For any job that requires an all round performant box, with good storage, good processing power, and a good level of redundancy we utilise HP DL380 servers. These clock in at 2U of rack space, 2x 8 core Intel E5630 CPUs (@ 2.53ghz), 96GB of RAM (for that all important MySQL buffer cache) and 16x 15,000 RPM 146GB hard disks. This gives us the right balance of disk space to store user data, and spindles/RAM to retrieve it quickly enough. The machines have 4x 1gbit ethernet ports, but we only use one.

Why not SSDs?

We’re just starting to test our first round of database class machines with SSDs. Traditionally we’ve had other issues to solve first, such as getting the right balance of amount of user data (e.g. the amount of disk space used on a machine) vs the CPU and memory. However, as you’ll see in our other configs, we have plenty of SSDs throughout the infrastructure, so we certainly are going to give them a good testing for databases too.

A picture of our various types of hardware, with the HP to the left and web/utility boxes on the right

A picture of our various types of hardware, with the HP to the left/middle and web/utility boxes on the right

Web/Gearman Worker/Memcache/Utility/Job Class

This is a pretty wide catch all, but in general we try and favour as few machine classes as possible, so a lot of our tasks from handling web traffic (Apache/PHP) to any box that performs a task where there are many of them/redundancy is solved at the app level we generally use one type of machine. This way hardware re-use is promoted and machines can change roles quickly and easily. Having said that, there are some slightly different configurations in this category for components that are easy to change, e.g. amount of memory and disks.

We’re pretty much in love with this 2U Supermicro chassis which allows for 4x nodes that share two power supplies and 12 3.5″ disks on the front of the chassis

Supermicro Chassis with 4 easily serviable nodes

Supermicro Chassis with 4 easily serviceable nodes

A general configuration for these would be 2x 8 core Intel E5620 CPUs (@ 2.40ghz), 12GB-96GB of RAM, and either a 600GB 7200pm hard disk or an Intel 160GB SSD.
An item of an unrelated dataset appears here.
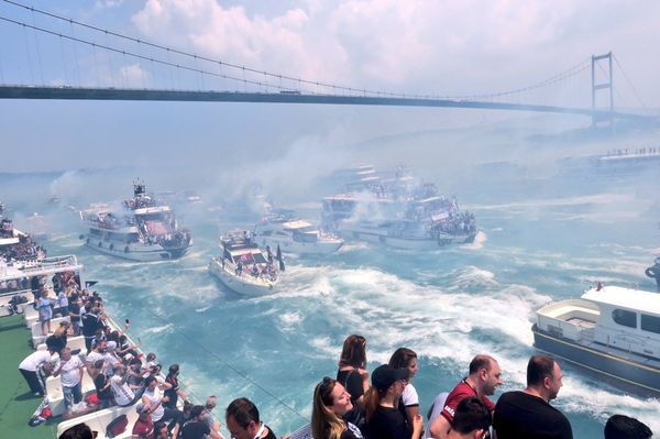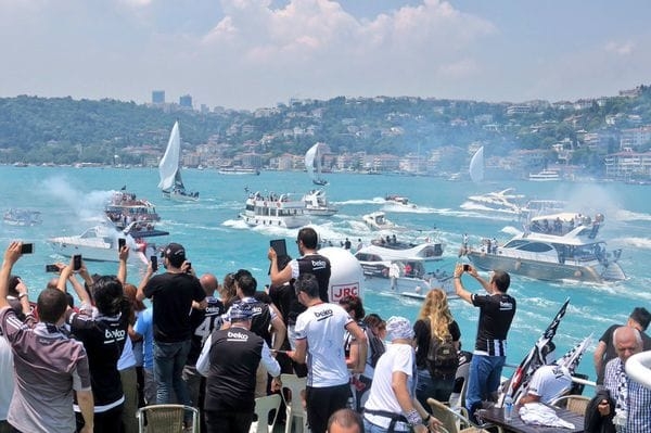 Sin embargo, en este caso el conjunto turco quiso variar y le dio un toque tan original como espectacular a su festejo. El equipo se subió a bordo de un crucero y navegó por el canal del Bósforo, pero no lo hizo en soledad.

Note the lack of RAID on these configurations; We’re pretty heavily reliant on Cobbler and Chef, which means rebuilding a system from scratch takes just 10 minutes. In our view, why power two drives when our datacenter staff can replace the drive and rebuild the machine and have it back in production in under 20 minutes? Obviously this only works where it is appropriate; clusters of machines where the data on each individual machine is not important. Web servers, for example, have no important data since logs are sent constantly to our centralised logging host, and the web code is easily deployed back on to the machine.
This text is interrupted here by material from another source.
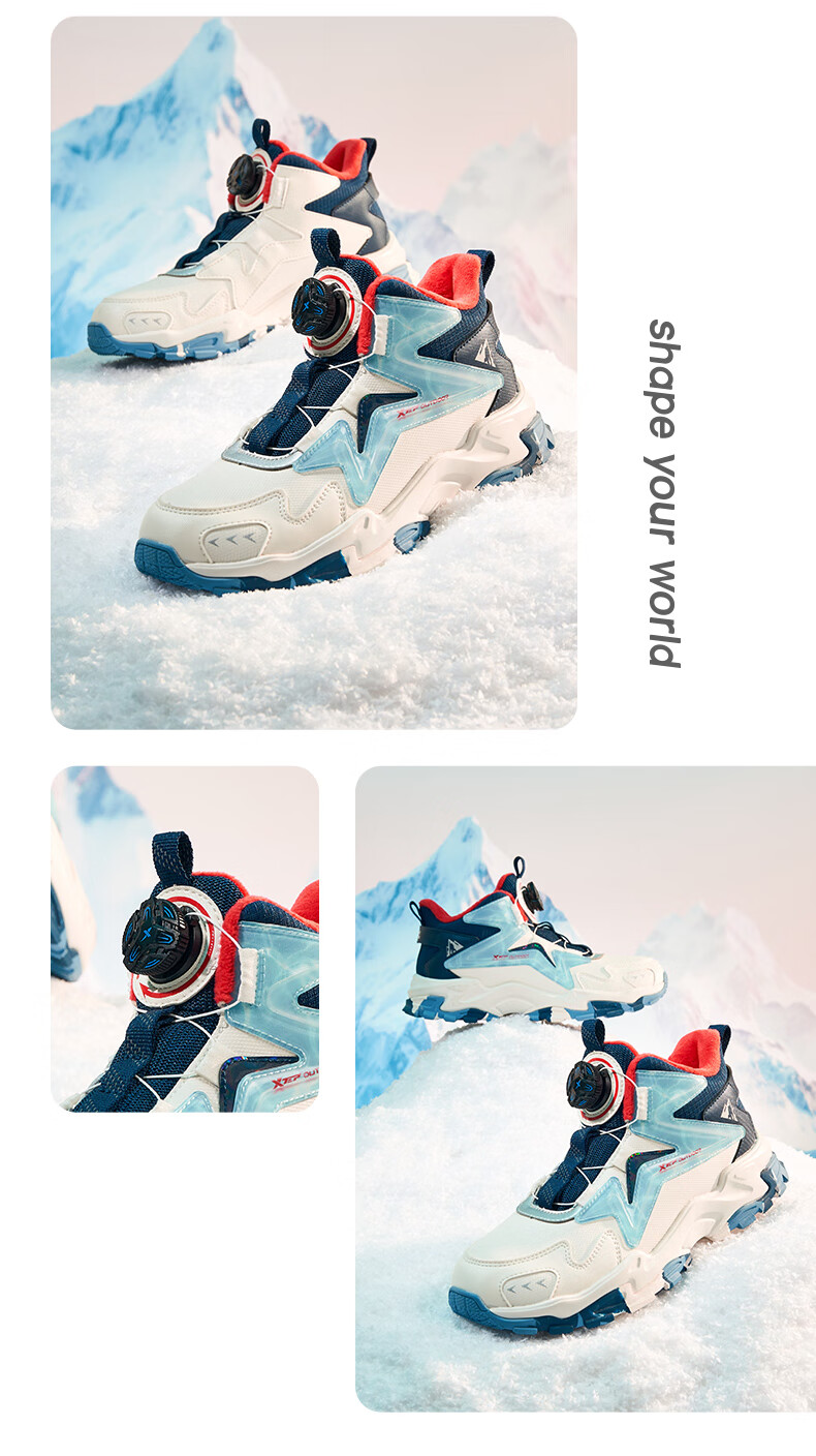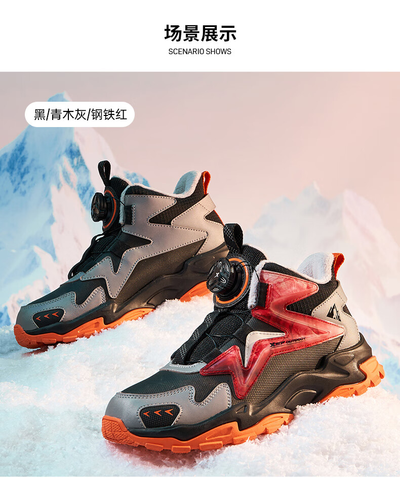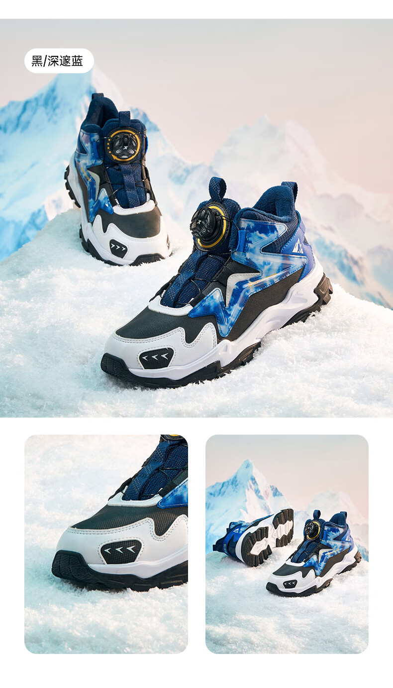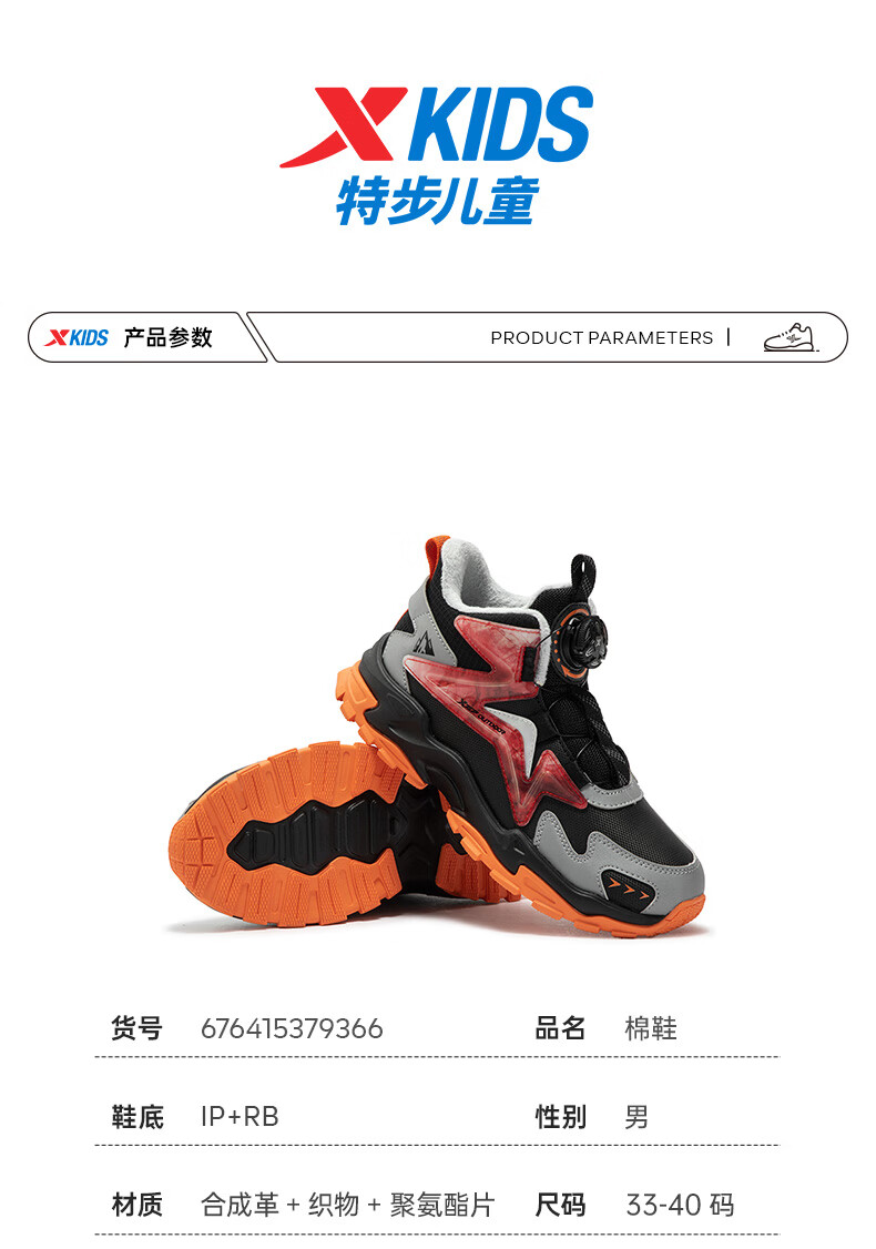XTEP Children's Shoes Lingfeng 2.0 Winter Velvet Cotton Shoes Boys Campus Warm Sports Shoes Black/Dark Blue 37

We have Nagios checks to let us know when the filesystem becomes un-writeable (and SMART checks also), so we know when a machine needs a new disk.

Each machine has 2x 1gbit ethernet ports, in this case we’re only using one.

Hadoop

In the last 12 months we’ve been working on building up our Hadoop cluster, and after evaluating a few hardware configurations ended up with a very similar chassis design to the one used above. However, we’re using a chassis with 24x 2.5″ disk slots on the front, instead of the 12x 3.5″ design used above.
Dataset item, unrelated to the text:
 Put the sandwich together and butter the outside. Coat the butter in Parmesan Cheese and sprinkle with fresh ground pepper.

Hadoop nodes... and a lot of disk lights

Hadoop nodes… and a lot of disk lights

Each node (with 4 in a 2U chassis) has 2x 12 core Intel E5646 CPUs (@ 2.40ghz), 96GB of RAM, and 6x 1Tb 2.5″ 7200rpm disks. That’s 96 cores, 384GB of RAM and 24TB per 2U of rack space.

Our Hadoop jobs are very CPU heavy, and storage and disk throughput is less of an issue hence the small amount of disk space per node. If we had more I/O and storage requirements, we had also considered 2U Supermicro servers with 12x 3.5″ disks per node instead.

As with the above chassis, each node as 2x 1gbit ethernet ports, but we’re only utilising one at the minute.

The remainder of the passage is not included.